Regardless of one’s views as to the “deservingness” as a general matter of illegal aliens brought to the U.S. as minors by their parents, brought to the U.S. by smugglers paid for by their parents, or who simply came to the U.S. on their own accord, those who are criminals (whether convicted in criminal court or adjudicated delinquent in juvenile court) should surely face immigration consequences. The lasting devastation to the lives of crime victims and their families is not wiped away simply because the perpetrators are minors, even if those minors were “brought to the U.S. through no fault of their own.”

As then House Judiciary Committee Chairman Bob Goodlatte and 192 other Republican members of the House of Representatives determined in 2018, alien perpetrators should be barred from any immigration relief designed for aliens who arrived in the U.S. while minors. At the very least, as House Democrats unanimously, and bravely, determined in 2019 and 2021 (to the dismay of “DREAMER” advocates), DHS should have the option to refuse them such immigration relief.
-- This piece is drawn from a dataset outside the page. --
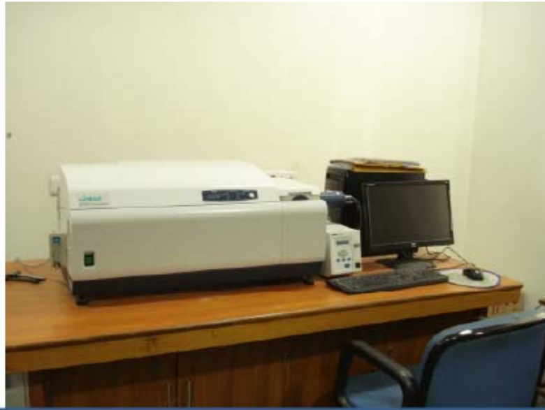
Circular Dichroism spectro polarimeter

Congress should also give serious consideration to establishing a detention mandate and a ground of deportability for all aliens (regardless of their immigration status) who have been adjudicated delinquent for the commission of the types of offenses that would trigger mandatory detention or a ground of deportability if they had resulted in a criminal conviction, or at the very least for the most serious juvenile offenses as specified in Mr. Goodlatte’s legislation.

When a juvenile perpetrator is an alien, especially one not lawfully present, the consequences should not only entail “rehabilitation and treatment” through a federal or state juvenile court system, but also extend to the immigration realm.